LOGO EVALUATION +FOCUS Logo was designed to be used by children, but is a powerful language that offers particular advantages in various language analysis techniques useful in CAI. The primitives, the commands that make up the original language, are few and simple and can easily be used even by computer novices as soon as they are exposed to Logo. The operations possible, however, are quite powerful. Together with the language's capability of accepting procedures to define new commands, they make Logo suitable for many kinds of problem solving. +DEFINITION The syntax of Logo is simple. There is no standard dialect. Versions of Logo for microcomputers vary greatly in their size and in their primitives. Some have only commands to the turtle graphics capability; others contain verbal commands as well. There are several good introductory manuals, and a number of versions of Logo come with very clear documentation. Logo lends itself to modular programming (i.e., the programs can be broken down into independent chunks which can be used in other programs). This means that users can find published Logo definitions useful to their own programs, and re-use them. +IMPLEMENTATION Logo is generally implemented as an interpreter. It is widely available, because of its reputation as a simple children's language, for many microcomputers. Since there is no standard implementation, portability is about the same as for other programming languages, which is to say, programs written in Logo are likely to have to be rewritten if transferred to another machine. +INTERFACE Availability of access to the underlying hardware and software of the computer running Logo depends on the implementation. Thus, as with PILOT and SNOBOL, the ease of using foreign characters varies from version to version of Logo. +USAGE Logo is considerably easier for the novice to learn than BASIC. In fact, some people who have taught Logo to college students have observed that those who have never programmed before seemed to learn recursion, for example, more easily than those who had previously programmed in BASIC.6

CALICO Journal, Volume 3 Number 2 46 +ENVIRONMENT Most versions of Logo come with at least an on-screen editor. Some larger versions, not meant solely for children, also provide debugging tools. One version provides its own operating system, a program editor, multiple text windows, and a debugger. +A PROBLEM AND A SOLUTION IN LOGO Here is a simple sentence-generator that illustrates the word-handling capacity of Logo.7 Working from three lists of bureaucratic phrases (not given here), the generator combines the elements at random for a one-sentence communication from the IRS. Sample output follows, all in caps. IRS (1)IN ACCORDANCE WITH STATE LAW YOU ARE REQUESTED TO ANCEL THE TRANSATION. (2)AFTER YOU HAVE COMPLETED THIS QUESTIONNAIRE YOU MAY PREFER TO FORGET THE WHOLE THING. (3)AT THIS TIME YOU ARE REQUESTED TO FILE A NEW RETURN. (4)AT THIS TIME YOU WILL HAVE TO FORGET THE WHOLE THING. The program for this sentence generator (minus the procedures that create the three lists of phrases) is given with explanatory comments in parenthesis:

To IRS :11 :12 :13 (defines a procedure call IRS which uses three lists) Print sentence first shuffle :11 sentence first shuffle :12 first shuffle :13 (pick an element at random from each list, combine them into a sentence and print them)

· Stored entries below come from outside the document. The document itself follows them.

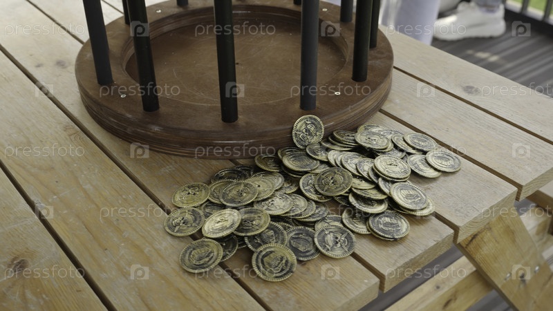 Это видео демонстрирует деревянный стол с кучей монет, создавая теплую атмосферу и подчеркивая их тактильную красоту среди древесных зерен
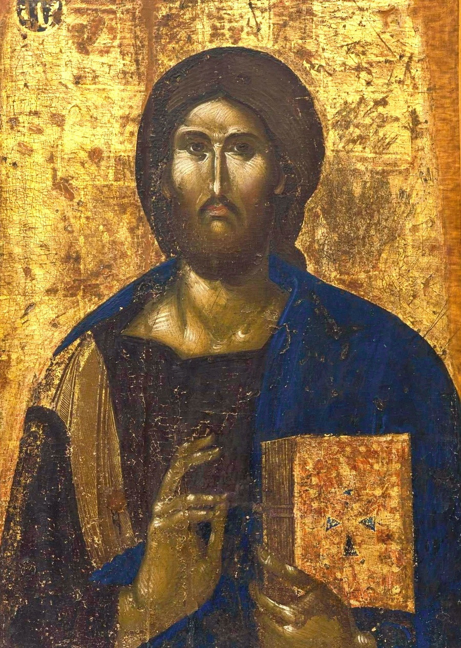 Лик Спасителя. Фрагмент иконы «Христос Пантократор». Византия, 1370 - 1380-е годы. Византийский Церковный музей в Митилини, Греция.
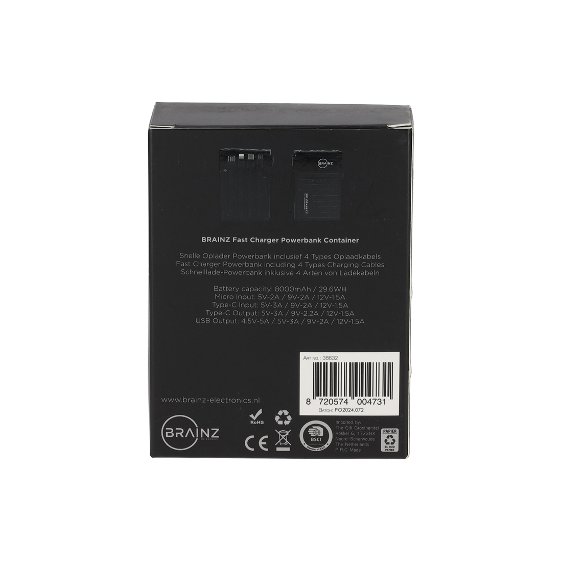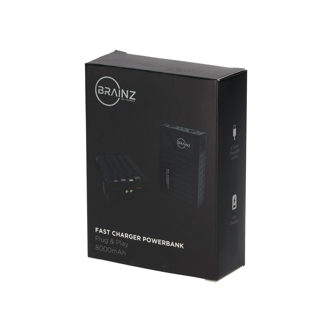 Deze stoere Fast Charger Powerbank van Brainz mag eigenlijk niet ontbreken in je keukenla, caravan, noodpakket of backpack! De Powerbank heeft een capaciteit van 8000 mAh en is geschikt voor iedere telefoon of tablet dankzij de diverse aansluitkabels die mooi in de achterzijde zijn weggewerkt. Op het display aan de voorkant zie je precies hoeveel batterij er nog over is. Extra handig: deFast Charger Powerbankheeft ook een zaklampfunctie. Zo heb je altijd genoeg power en licht bij de hand!
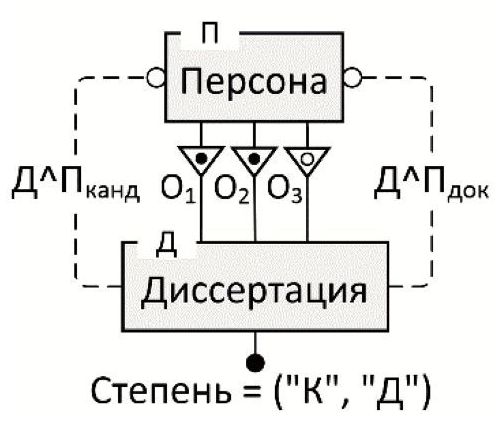 На рисунке 8 представлен пример ER-модели, отражающей участие персон в качестве оппонентов диссертации, для чего класс Персона связан с классом Диссертация тремя связями – О1, О2, О3. Отрицательная МП-целостность Д^П (не показана на рисунке) призвана обеспечить требование: оппоненты одной диссертации должны быть разными персонами. При этом (в отличие от примера на рисунке 7) учитывается, что для кандидатской диссертации требуется два оппонента, а для докторской – три. Для этого связь О3 «третий оппонент» допускает сирот (светлый кружок). Вид конкретной диссертации («кандидатская» или «докторская») задаётся значением атрибута Степень.
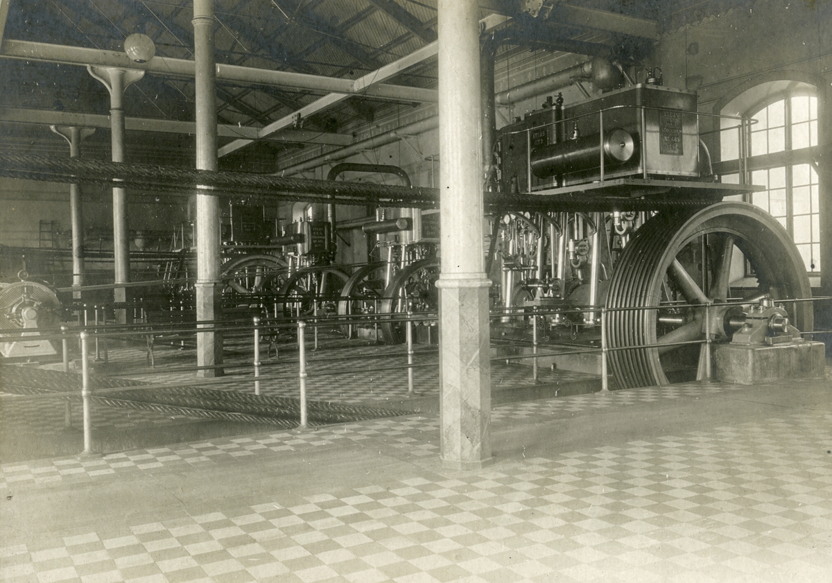 Maskinrummet vid Norbottens Malmförädlingsfabrik på Svartön i Luleå i augusti 1910.
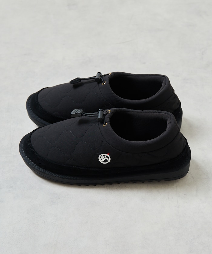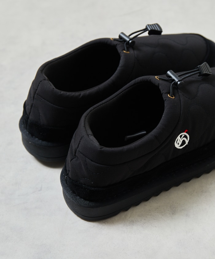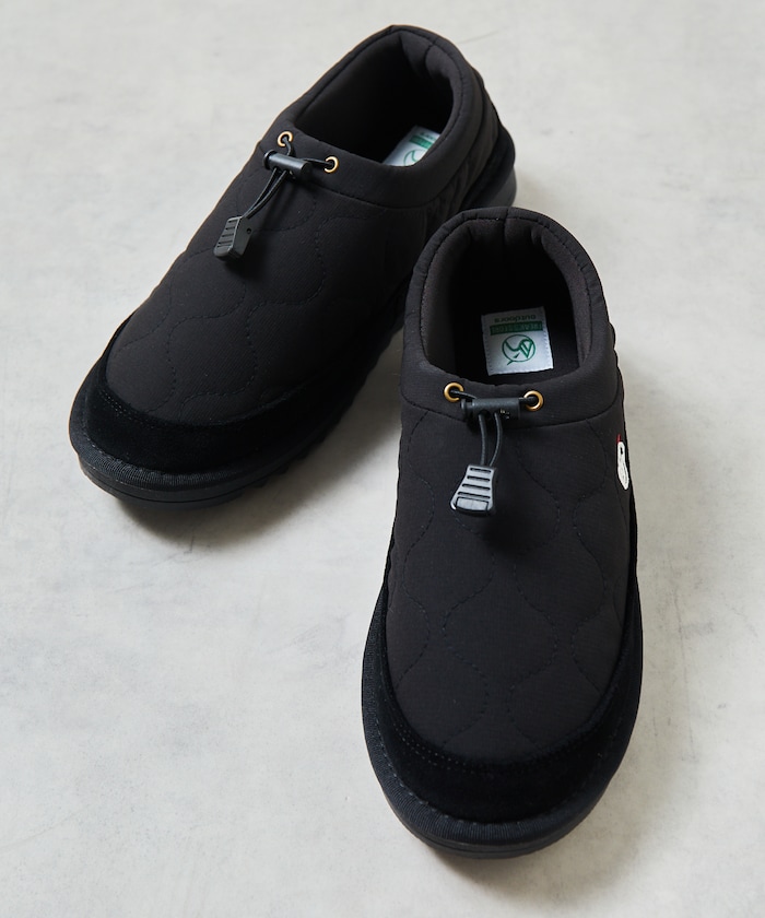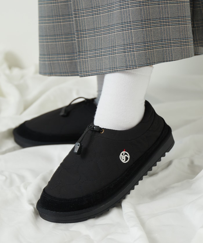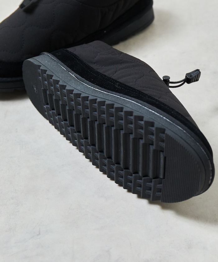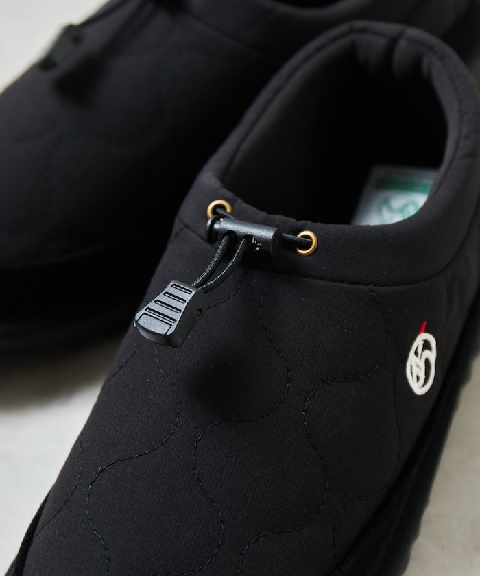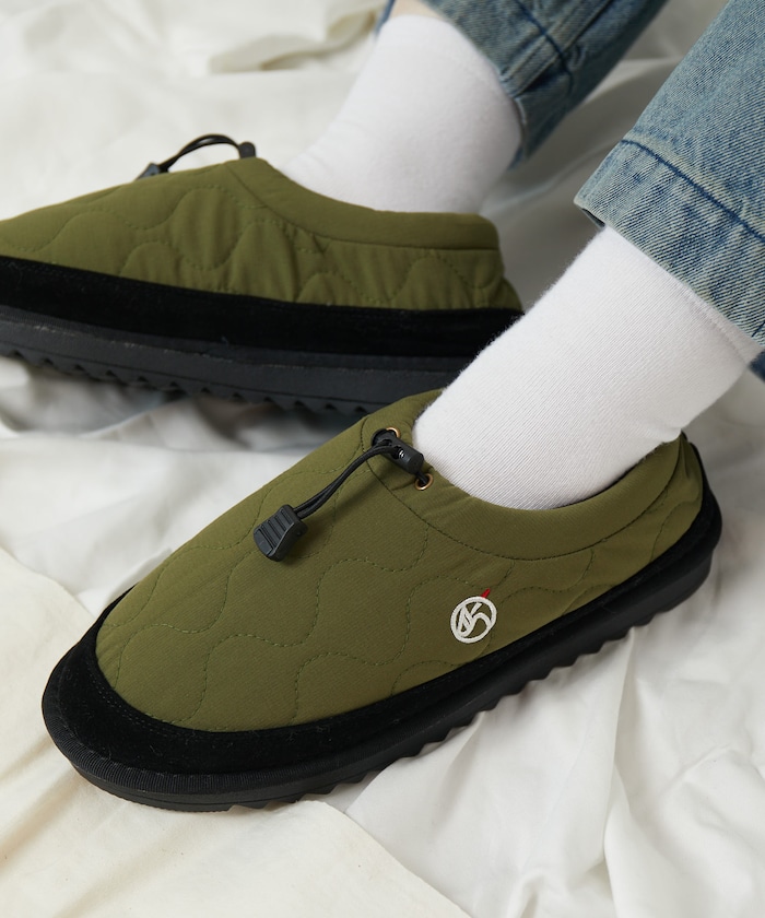 어퍼 전체를 밀리터리 무드의 퀼팅 원단으로 감싸 개성 있고 트렌디한 스타일의 슬립온
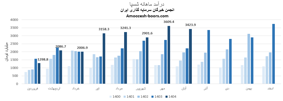 طبق گزارش های منتشرشده در کدال، مجموع درآمد عملیاتی شسپا تا پایان آبان 1404 به 21727 میلیارد تومان رسیده است.

This program illustrates how Logo's primitives (in this case, Print, Sentence, Shuffle, First) can be combined to create a new command, IRS, which can be subsequently called within another program simply by its own name. Furthermore, by defining IRS as a procedure using three lists, we have generalized it further by making it possible to have libraries of possible lists; we might use the IRS program with different lists to write sentences of apology, for example, or excuses. Logo's extensibility means that the programmer can customize the language in many ways. CONCLUSION PILOT, a computer language designed expressly for interactive computer tutorials; SNOBOL, a text-manipulating language; and Logo, based on the artificial intelligence language, LISP, but simplified for use by children, offer advantages for the foreign-language CAI programmer. Easy to learn and to use, they are especially suited for certain kinds of programming that language teachers may find useful. Although they must, unlike BASIC, be purchased separately from the microcomputer, they are available at modest cost and in many variations.

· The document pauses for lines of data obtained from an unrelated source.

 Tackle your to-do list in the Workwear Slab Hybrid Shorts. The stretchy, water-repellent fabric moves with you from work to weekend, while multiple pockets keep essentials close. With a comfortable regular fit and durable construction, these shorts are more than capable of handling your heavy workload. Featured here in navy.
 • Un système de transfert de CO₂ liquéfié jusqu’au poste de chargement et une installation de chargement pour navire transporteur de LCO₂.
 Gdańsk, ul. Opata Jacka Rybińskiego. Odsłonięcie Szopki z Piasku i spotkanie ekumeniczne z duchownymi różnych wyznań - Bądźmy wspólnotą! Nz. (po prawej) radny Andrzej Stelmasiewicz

1 For a discussion of the foreign-character problem, as well as a list of sources of software, see Robert L. Baker, "Foreign Character Font (FCF) SIG Report," CALICO Journal, 2,2 (Dec. 1984), 9-18. 2 John A. Starkweather, "Guide to 8080 PILOT, version 1.1," Dr. Dobb's Journal, 2,4 (Spring, 1977), 17-19 (173-185 in the bound volume); and John A. Starkweather, "Source Code for 8080 PILOT, version 1.1," Dr. Dobb's Journal, 2,5 (May 1977), 18-33 (216-231 in bound volume); and Randy Hawkins, "PILOT—The Language of Computer-Aided Instruction," Microcomputing, July, 1981 (for a TRS-80). 3 A description of an adventure game tutorial using PILOT is contained in Ruth H. Sanders, "PILOT-SPION: A Computer Game for German Students," Die Unterrichtspraxis, 17, 1 (Spring, 1984), 123-129. 4 Mark Emmer, Preface to SNOBOL4: The SNOBOL4 Language for the 8086/8088 Computer Family, documentation from Catspaw Inc., Salida, Colorado. 5 Karen C. Kossuth describes how ELIZA-like conversational programs (in any programming language) can be effectively adapted to foreign- language instruction in her "Suggestions for Comprehension-Based Computer-Assisted Instruction in German," Die Unterrichtspraxis, 17, 1 (Spring, 1984), 109-115. 6 G. Fischer and V. Kling, "Logo—Eine Programmiersprache fur Schuler; inhaltliche und methodische Aspekte ihrer Anwendung," in RGU '74: Fachtagung (series, Lecture notes in Computer Science), ed. by K. Brunnstein, K. Haefner and W. Hander, Berlin: Springer, 1974, 290-297. 7 For a description of a more complex sentence generator and how it is used in linguistics classes, see Robert G. Hackenburg, "GENERATE: A Natural Language Sentence Generator," CALICO Journal, 2,2 (Dec., 1984), 5-8.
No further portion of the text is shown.